__Your goal__. Look below for the line with "Lampa sufitowa LATERA", then repeat it and all lines after it, exactly, minus any pictures.

__Given material__.
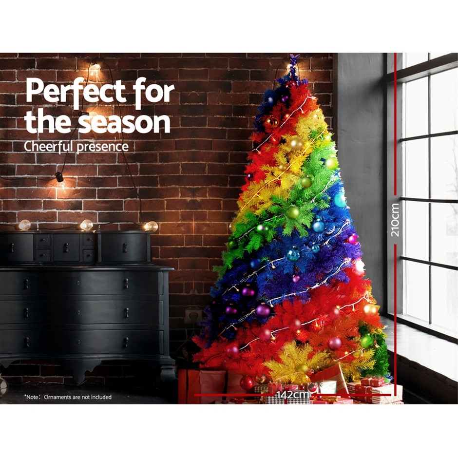 Make it a beautiful colourful Christmas with our fine faux Jingle Jollys Rainbow Christmas Tree to spruce up the occasion. Looking ever so real, the 2.1m tall tree features 1531 well-placed PVC tips for an extra-thick and lush look, with plenty of space to hang your favourite ornaments. The tree is symmetrical and compact with strong bushy branches that fan out wondrously. Not least, the tree is easy to assemble with no tools required, and fast disassembly too for storage until the next yuletide season comes along. Share the spirit of the season with our authentic-looking faux Christmas tree and add more joy to the most wonderful time of the year for everyone.
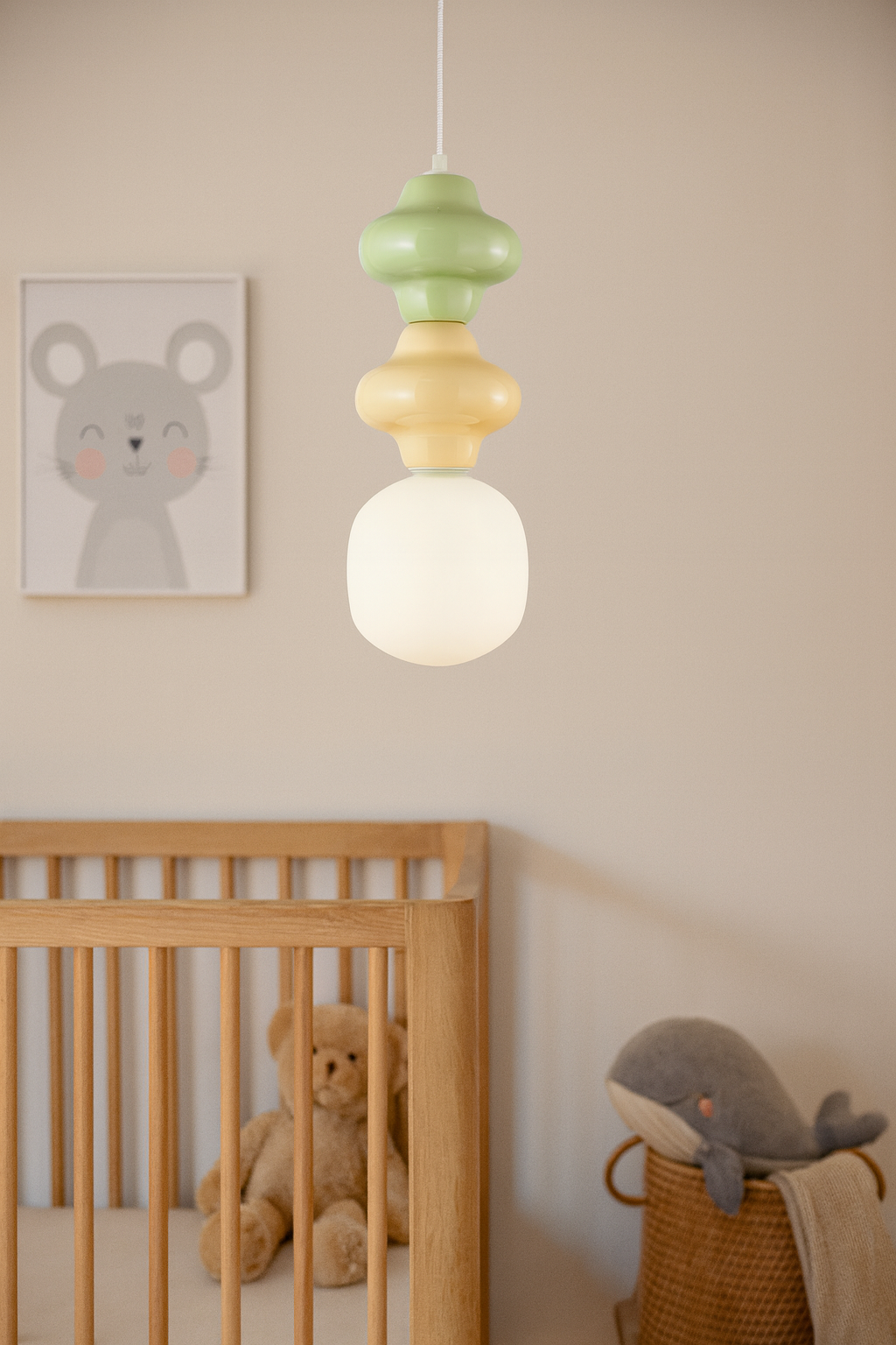 Lampa sufitowa LATERA żółta zielona 1xE14 biały klosz Italux PND-94331B-1S-MLTI
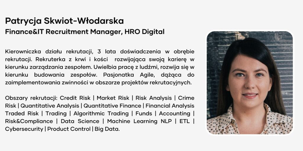 Podkreśla, że rekruter/rekruterka z tego obszaru musi być ciągle świadoma, jak ważne jest poszerzanie spektrum swoich umiejętności. Dodaje, że zespół, którym zarządza jest na bieżąco z FinTechowymi nowinkami, śledzi trendy związane z nowymi technologiami, aby w partnerskich relacjach wspierać klientów, dla których pozyskują pracowników.
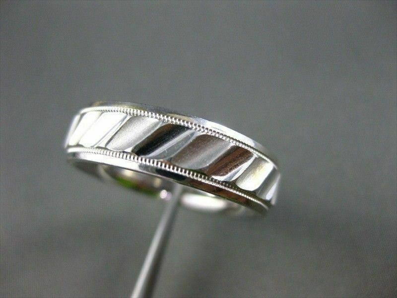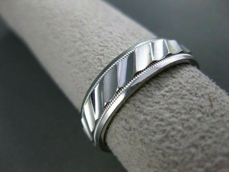 ESTATE WIDE 14KT SOLID WHITE GOLD RIDGE DESIGN MENS WEDDING RING HANDSOME #1218

__Result of this task__.
 Lampa sufitowa LATERA żółta zielona 1xE14 biały klosz Italux PND-94331B-1S-MLTI
 Podkreśla, że rekruter/rekruterka z tego obszaru musi być ciągle świadoma, jak ważne jest poszerzanie spektrum swoich umiejętności. Dodaje, że zespół, którym zarządza jest na bieżąco z FinTechowymi nowinkami, śledzi trendy związane z nowymi technologiami, aby w partnerskich relacjach wspierać klientów, dla których pozyskują pracowników.
 ESTATE WIDE 14KT SOLID WHITE GOLD RIDGE DESIGN MENS WEDDING RING HANDSOME #1218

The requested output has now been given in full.